The UK National Employment Savings Trust (NEST) has begun to shift assets into emerging markets by passively allocating to ESG focused and alternative index funds.

The £162m (€203m) defined contribution (DC) master trust will initially allocate 1.5% of its growth phase fund towards emerging market equities.

Mark Fawcett, CIO of the fund, said NEST and its managers saw attractive value despite emerging market equities not performing recently.

The government-backed auto-enrolment provider said in 2013 it would search for an emerging market manager to boost growth and diversification within its default fund.

For passive emerging market equities, it selected Northern Trust Asset Management’s ESG-focused, market-cap-weighted fund, and HSBC Global Asset Management’s alternative index economic scale fund.

Both funds will be blended within NEST’s target date fund and not be offered individually to members.

“We will start relatively cautiously – about 1.5% of the growth phase portfolio – and we will build this up significantly throughout the year,” Fawcett said.

“If we see severe undervalue, we could go to relatively higher weightings.
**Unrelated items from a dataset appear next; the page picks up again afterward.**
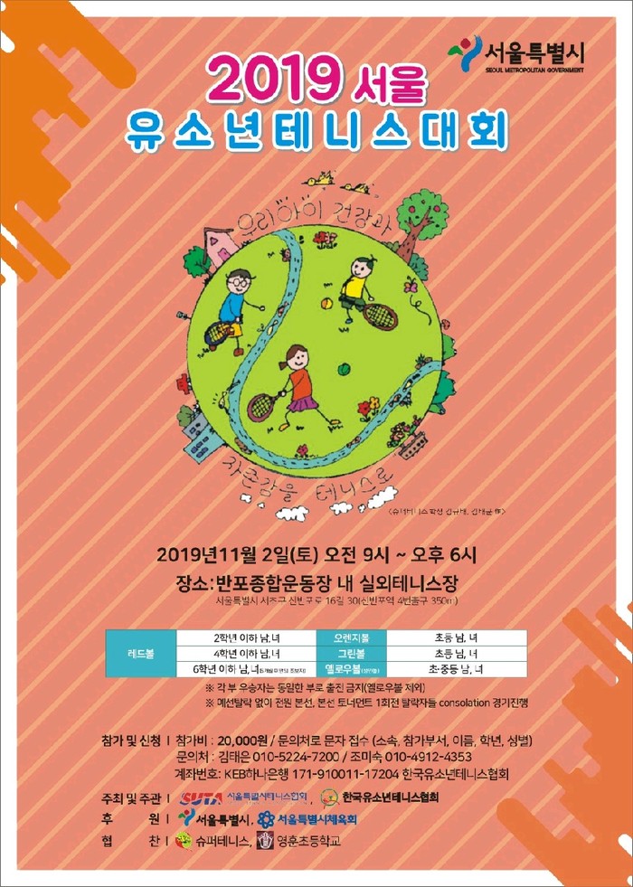 서울특별시체육회(회장 박원순)가 오는 11월 2일(토) 서초구 반포종합운동장 테니스장에서 서울시 유소년(만 6세~15세) 200명, 임원 및 심판 50명 등 총 250명이 참가하는 ‘2019 서울 유소년 테니스 대회’를 개최한다.
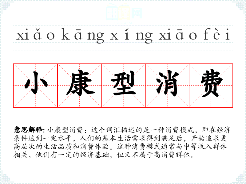 小康型消费:这个词汇描述的是一种消费模式,即在经济条件达到一定水平,人们的基本生活需求得到满足后,开始追求更高层次的生活品质和消费体验。这种消费模式通常与中等收入群体相关,他们有一定的经济基础,但又不属于高消费群体。
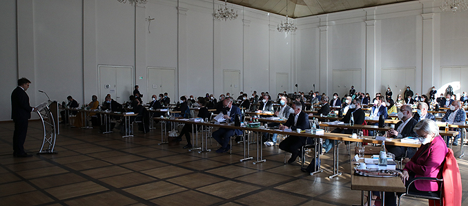Der Oberbürgermeister der Stadt Fulda, Dr. Heiko Wingenfeld (CDU), hieß die alten und neuen Stadtverordneten im Stadtsaal herzlich willkommen und gratulierte ihnen zu ihrer (Wieder-)Wahl und ihr erworbenes Mandat. Daneben dankte er ihnen, dass sie „in wahrhaft schwieriger Zeit dazu bereit sind, Verantwortung für unsere Stadt Fulda zu übernehmen.“ „Die Konstituierung der Stadtverordnetenversammlung am heutigen Tag wird auch in der historischen Betrachtung bedeutsam sein“, sagte er. In den vergangenen Jahrzehnten habe es keinerlei vergleichbare Situationen mit vergleichbaren Rahmenbedingungen gegeben. Der Einsatz, so Oberbürgermeister Wingenfeld weiter, für die Gesundheitsversorgung, die Bildung, die Wirtschaft, die Innenstadt, den Klimaschutz und die finanzielle Nachhaltigkeit werde die Stadtverordneten fordern und dies unter „zweifelsohne schwierigen finanziellen Rahmenbedingungen in den kommenden Jahren.“
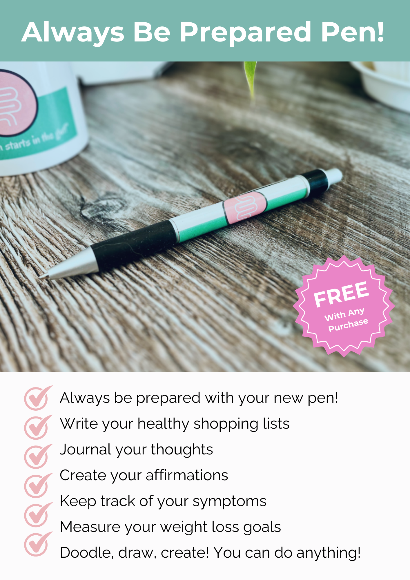 As The IBS Recovery Expert, I know the importance of reprogramming your subconscious mind for success. That’s why I’ve created my signature Reminder Mug, Positive Mindset Pad and your Be Prepared Pen! Coming into regular contact with these essential every day items will help remind you to always put yourself, your health and your gut first.
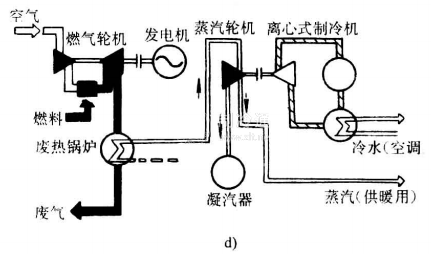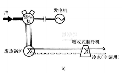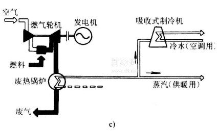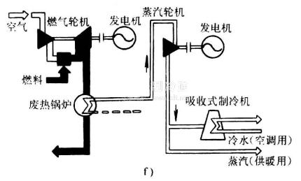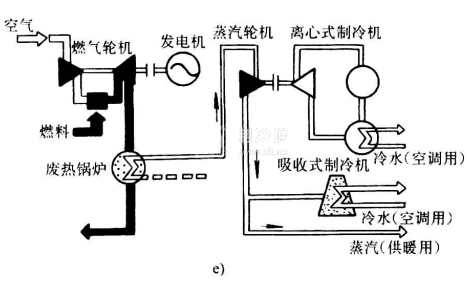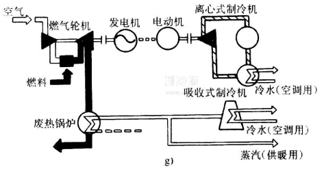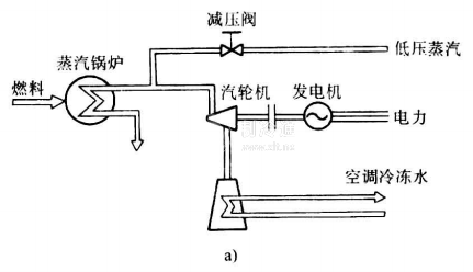 圖54-2a是應(yīng)用比較早,較多用于區(qū)域供熱、供冷中心的一種方式。其最大好處是可采用包括煤、重油之類的各種低質(zhì)低價(jià)的燃料。
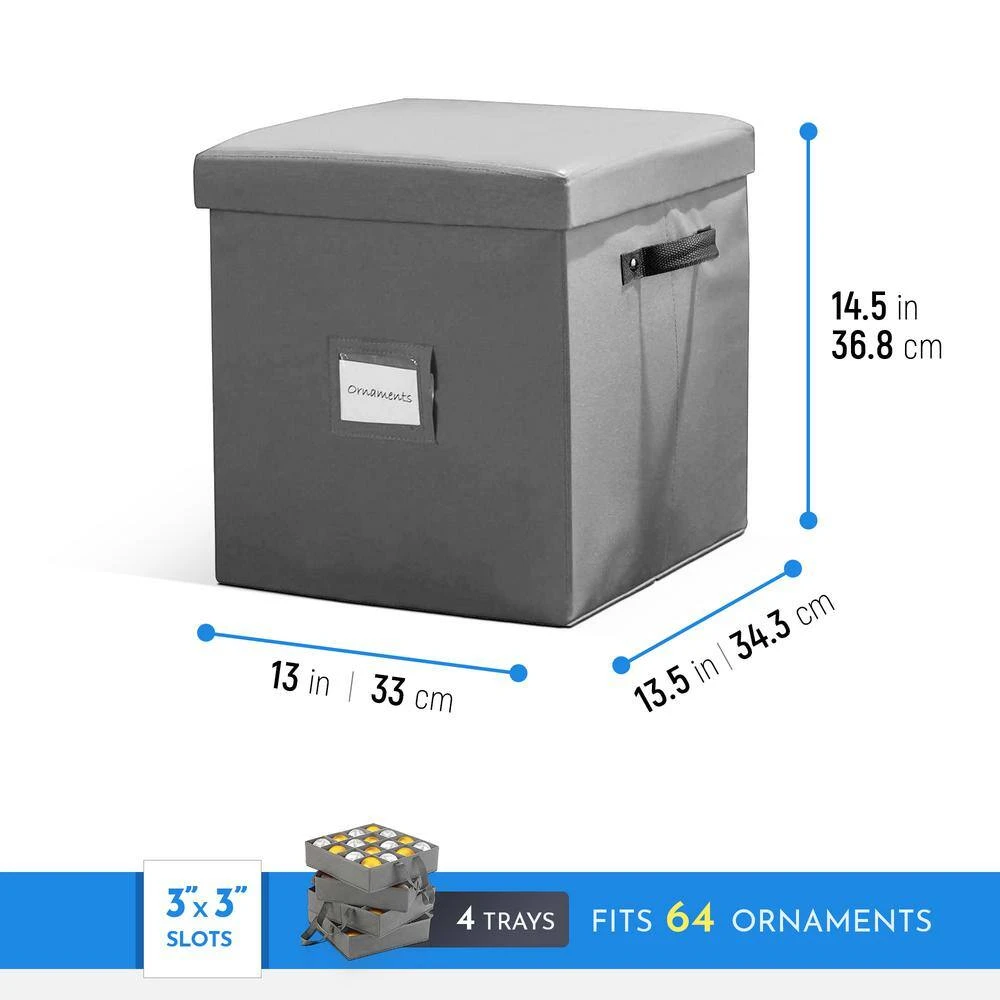 - Multi-purpose ottoman and storage-have your collection of ornaments neatly, conveniently, and individually stored, during the overwhelming holiday festivities, box doubles as a footrest, step stool, and seat, dimensions: 15 in. x 13.5 in. x 13.5 in.
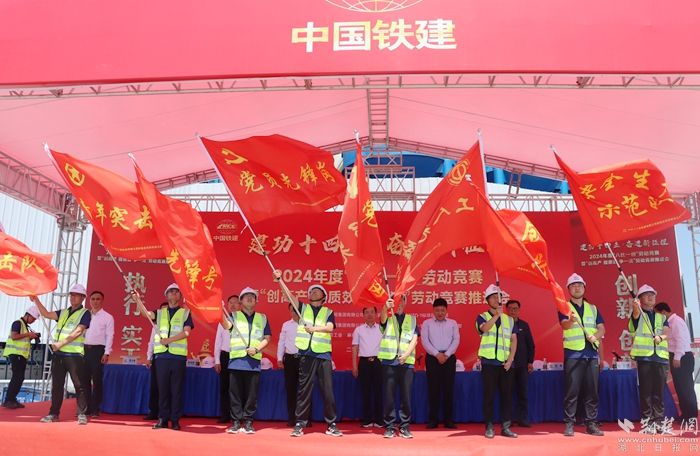 會上,為參建職工代表頒授爭創(chuàng)“黨員先鋒崗”、“工人先鋒號”、“青年突擊隊(duì)”、安全生產(chǎn)示范隊(duì)、技術(shù)創(chuàng)新攻關(guān)隊(duì)、后勤保障服務(wù)驛站旗幟。
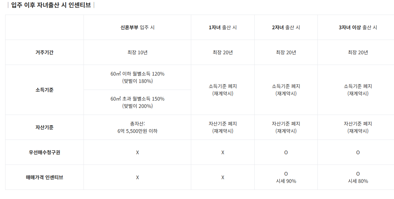 - 우선매수권: 자녀 2명 이상 시 시세 80% 가격으로 매입 가능
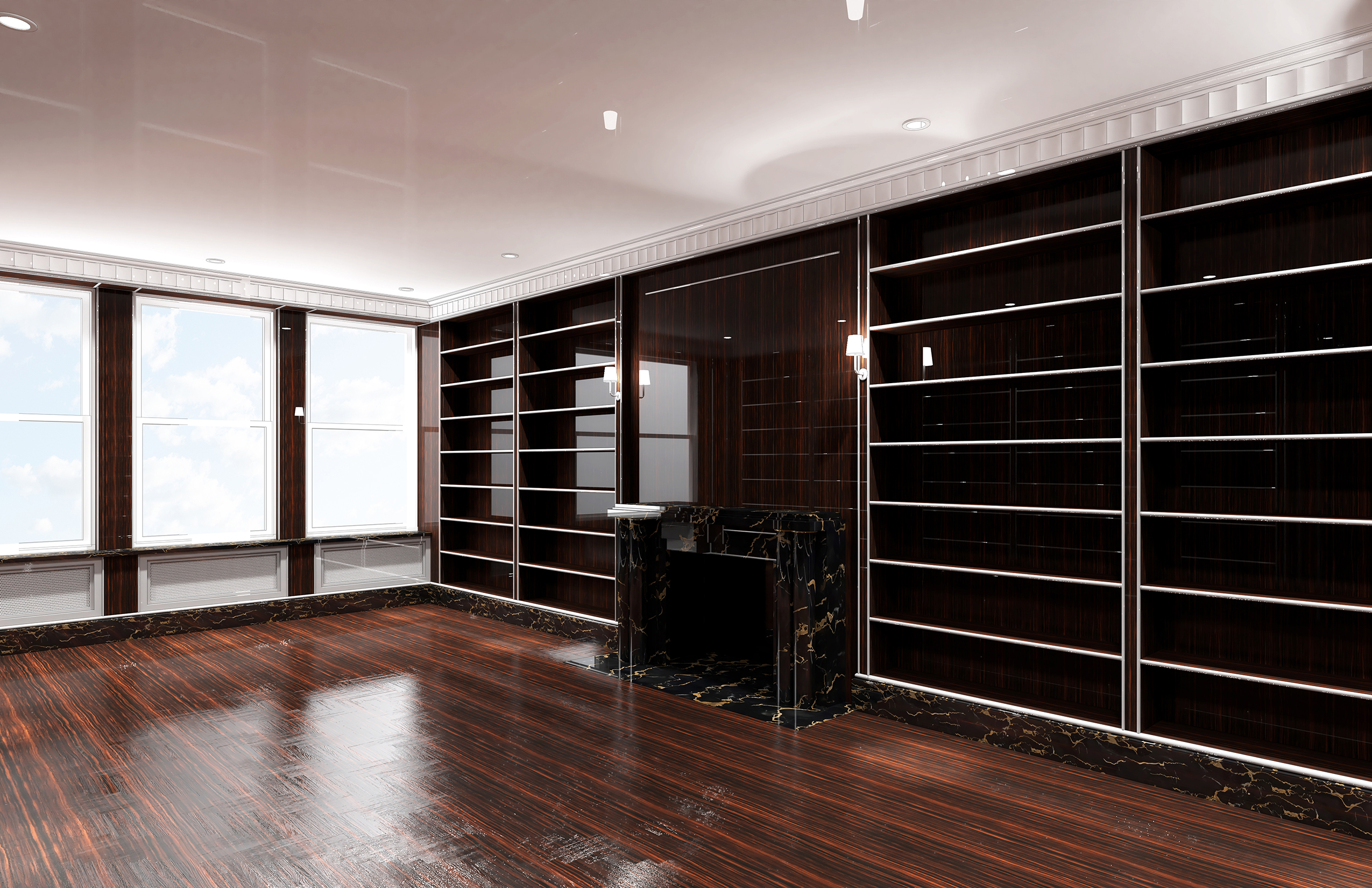 This renovation for a lawyer focuses around the creation of a beautiful new library, along with the renovation of the kitchen and bathrooms, all in a classis art deco style.
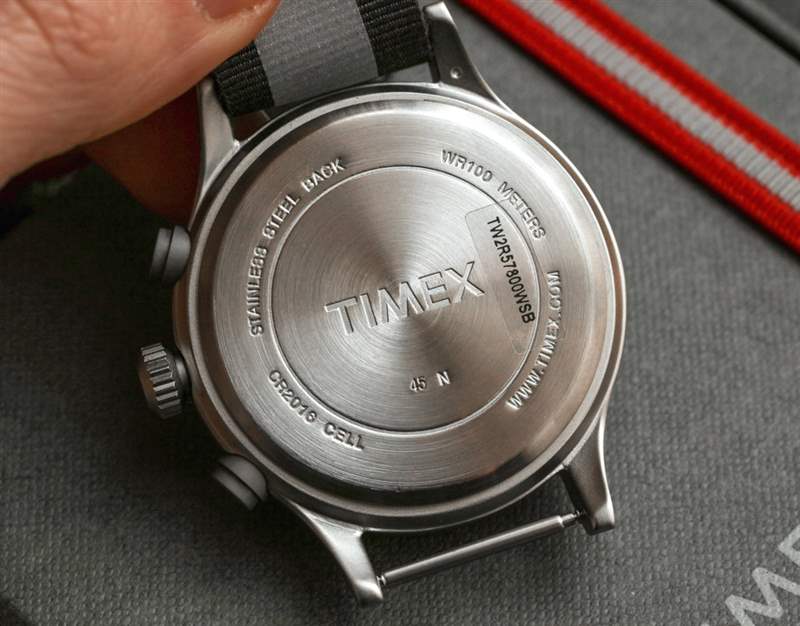 Metropolis Allied 采用相同風格的表殼,但尺寸為 40 毫米寬,奇怪的是只有 50 米的防水性。有人可能會認為,如果 Allied Chrono 有額外的推動器,其防水性能會更小,但在這種情況下,保留是正確的。如果在三針復古軍事外觀中防水性對您來說更重要,那么 Timex 還提供具有 100m 防水性的 Archive Collection Metropolis?Navi Ocean 型號(盡管采用 38mm 寬的表殼和旋轉潛水員式表圈) .?與計時碼表機芯不同的是,這款三針機芯的聲音稍大一些(雖然沒有標準的 Swatch 響亮),對于那些想要靜音時計的人來說,這一點很重要。
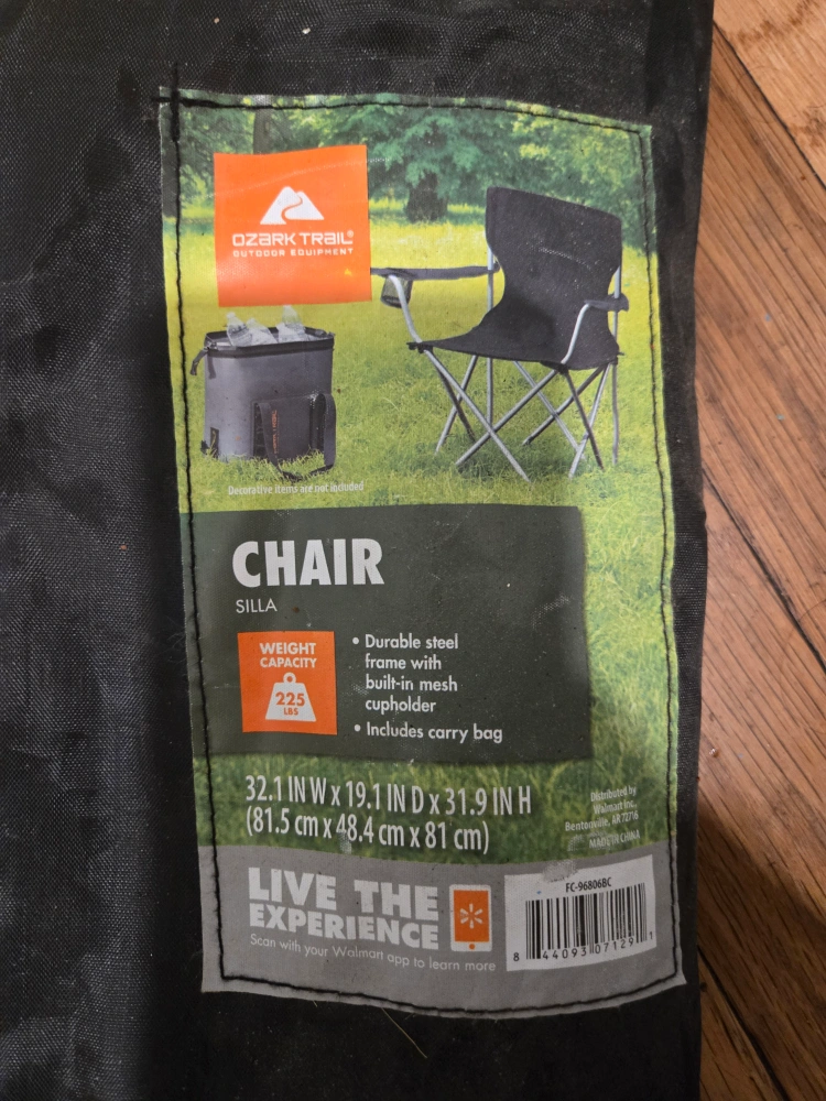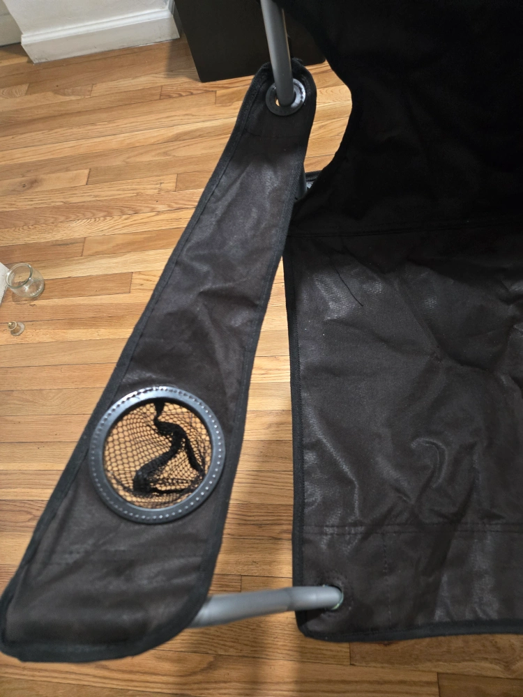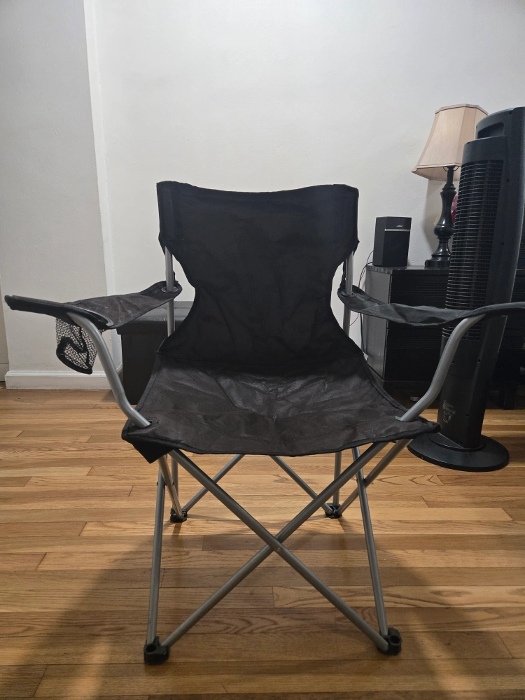 144A folding chair with a mesh cup holder. Great for relaxing on a warm summer day with a cold drink. Includes a carry bag.

The neutral position will be about 5% if we have 50% in equities.”

Northern Trust AM’s ESG fund screens out around 10% of the global emerging market index based on sector exclusion and ownership structures, which NEST said would provide greater risk-adjusted returns, with a momentum style bias.

The fund from HSBC GAM is a fundamentally weighted vehicle based on the economic footprint of companies, which rebalances and provides a small value bias, as well as returns based on what HSBC described as “excess volatility”.

Fawcett said the two funds offered different but complementary strategies, and that the blending and rebalancing of the two would provide a momentum and value trade-off, offering additional diversification.

A report by consultancy Towers Watson highlighted correlations between ‘alternative beta’ strategies such as value and momentum could provide pension funds with additional diversification benefits, despite being invested for returns.

It showed that having an equity strategy against a value strategy within a hedge fund showed returns had a correlation coefficient of -0.22, boosting diversification.

Fawcett said playing off the value and momentum strategies offered by the two funds was integral to NEST’s selection.

“There will be times one outperforms the other, but we will rebalance between the two for additional improvements in risk-adjusted returns,” he said.

He also said the fund was still looking into infrastructure debt funds.

However, given the relatively small size of the fund and the initial costs of entry, the team is in no rush to enter the asset class, he said.

On frontier markets, Fawcett said NEST would not be looking to invest any time soon.

“Ultimately, one of the issues within emerging markets are governance concerns,” he said.

“Frontier markets are just another step into that territory, and we are not sure that is right for us.”